** INPUT DATA **
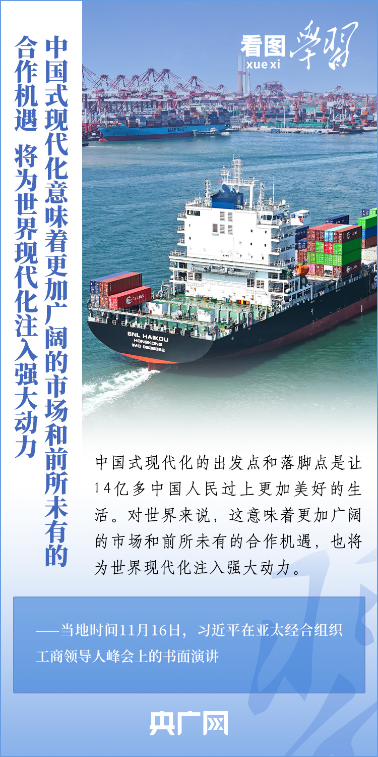 當地時間11月16日,國家主席習近平應邀出席亞太經合組織工商領導人峰會并發表書面演講。習主席深刻總結了亞太經濟合作30年來非凡成就和啟示,對亞太合作下一個30年將走向何方這一新的時代之問提出中國答案,重申“中國打造市場化、法治化、國際化營商環境的決心不會變,一視同仁為外商投資提供優質服務的政策不會變”,向全球工商界發出邀請,歡迎“積極參與中國式現代化進程,共享中國高質量發展帶來的巨大機遇!”一起來學習。
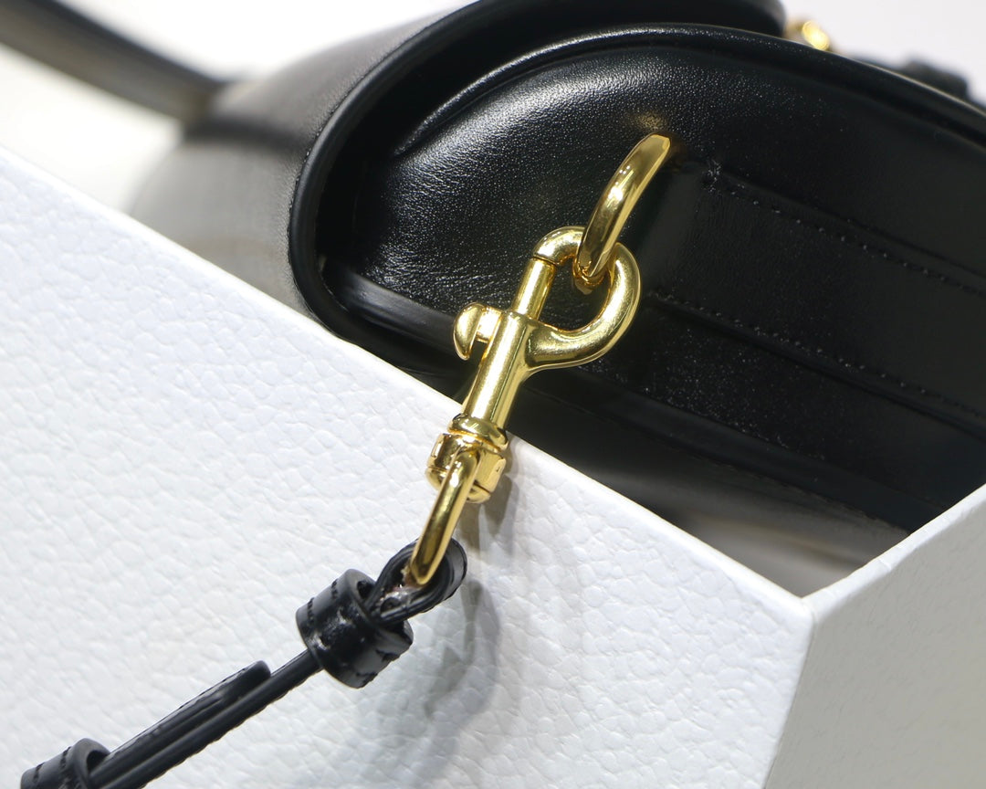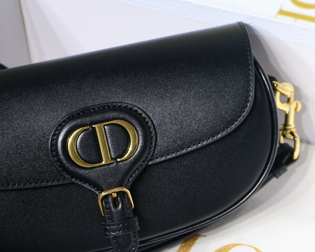 New this season, the Dior Bobby East-West bag modernizes the allure of the Hobo silhouette through elegant lines and harmonious proportions. The black box calfskin style features a suede interior for added suppleness as well as antique gold-finish metal hardware. Adorned with a removable, adjustable sliding shoulder strap with a signature military-inspired buckle, the Dior Bobby bag can be carried by hand, over the shoulder by day or crossbody for a sportier look.
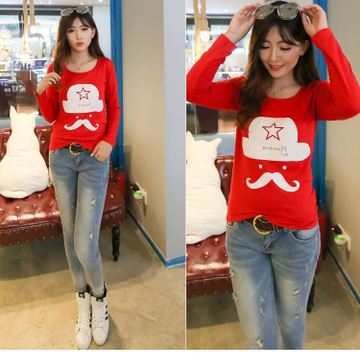 • 2015秋冬季新款長袖修身顯瘦打底衫女款純棉印花圓領(lǐng)t恤女H /

** WHAT YOU ARE ASKED TO DO **
What's needed is a word-for-word retyping of the listing, minus its pictures.

** PROBLEM SOLUTION **
 當地時間11月16日,國家主席習近平應邀出席亞太經合組織工商領導人峰會并發表書面演講。習主席深刻總結了亞太經濟合作30年來非凡成就和啟示,對亞太合作下一個30年將走向何方這一新的時代之問提出中國答案,重申“中國打造市場化、法治化、國際化營商環境的決心不會變,一視同仁為外商投資提供優質服務的政策不會變”,向全球工商界發出邀請,歡迎“積極參與中國式現代化進程,共享中國高質量發展帶來的巨大機遇!”一起來學習。
 New this season, the Dior Bobby East-West bag modernizes the allure of the Hobo silhouette through elegant lines and harmonious proportions. The black box calfskin style features a suede interior for added suppleness as well as antique gold-finish metal hardware. Adorned with a removable, adjustable sliding shoulder strap with a signature military-inspired buckle, the Dior Bobby bag can be carried by hand, over the shoulder by day or crossbody for a sportier look.
 • 2015秋冬季新款長袖修身顯瘦打底衫女款純棉印花圓領(lǐng)t恤女H /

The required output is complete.